Hiçbir şeye yetişemiyorum!
Elif Zorcan
Senin de aklının içinde ne yapsam yetişemiyorum, ya da yapılacak öyle çok işim var ki ve ben hiçbir şey yapmadan duruyorum düşünceleri dönüp duruyor mu?
Kendimi sokağa çıkma kısıtlamalarının da olduğu geçen pazar günü, bu düşünce içinde buldum. Yazmam gereken yazım, hazırlamam gereken sunumum, cevaplamam gereken maillerim, pişirmem gereken yemek, çocuklarla geçireceğim vakit, okumak istediğim kitap derken liste uzadı da uzadı.
Ayrıca buna ek olarak, bir de tam enerji kaçakları teriminin hakkını veren, satmak istediğim ürünlerin çekilmesi gereken fotoğrafları ve onların o uygulamaya yüklenmesi meselesi var ki, önümde resmen Everest Dağı kadar büyüdü de, büyüdü.
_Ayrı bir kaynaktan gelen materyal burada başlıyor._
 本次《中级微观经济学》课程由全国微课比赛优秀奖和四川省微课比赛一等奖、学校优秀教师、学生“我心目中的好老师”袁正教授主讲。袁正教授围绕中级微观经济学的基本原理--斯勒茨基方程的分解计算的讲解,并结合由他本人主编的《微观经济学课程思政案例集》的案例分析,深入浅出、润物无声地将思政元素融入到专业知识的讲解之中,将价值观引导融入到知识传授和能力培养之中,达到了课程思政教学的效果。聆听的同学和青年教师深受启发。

Bir de, ailevi bir gündemden dolayı, yaptığımız bir araştırma var. Bir anda çözüme ulaşacak bir konu olmasa da, onunla uğraşıp sonuç alamamış olmak beni bunaltınca, en sevdiğim şeylerden biri olan yemek pişirmeye girdim mutfağa. Sağlıklı bir kurabiye yapayım dedim. O stresle nasıl bir tarif uydurduysam, o da olmadı vesselam.
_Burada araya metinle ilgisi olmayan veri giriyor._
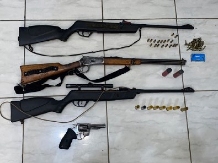 Contra o alvo da prisão foi cumprido também mandado de busca, que resultou na apreensão de quatro armas de fogo, duas delas de pressão, mas adaptadas, além de luneta, munições. As ordens judiciais foram executadas por equipes das Delegacias de Pontes e Lacerda e de Jauru.

Ama bir an durdum ve dedim ki, Elif neden hemen ve anında çözüm bekliyorsun? Bırak bakalım, aradığın şey sana gelsin. Olacak olan da ne olursa olsun gerçekleşmiyor mu sonuçta? Bu kısa vadedeki bir gündemi rafa kaldırmak rahatlattı beni.
Sonra, bugün neler yaptım diye düşündüm. Sabah sporum da dahil olmak üzere bir sürü iş yapmıştım. Diğer işlerin de o an için aciliyeti yoktu zaten, peyder pey yapmaya devam ediyordum. E öyleyse neden kendimi hiçbir şey yapmıyor gibi hissediyordum?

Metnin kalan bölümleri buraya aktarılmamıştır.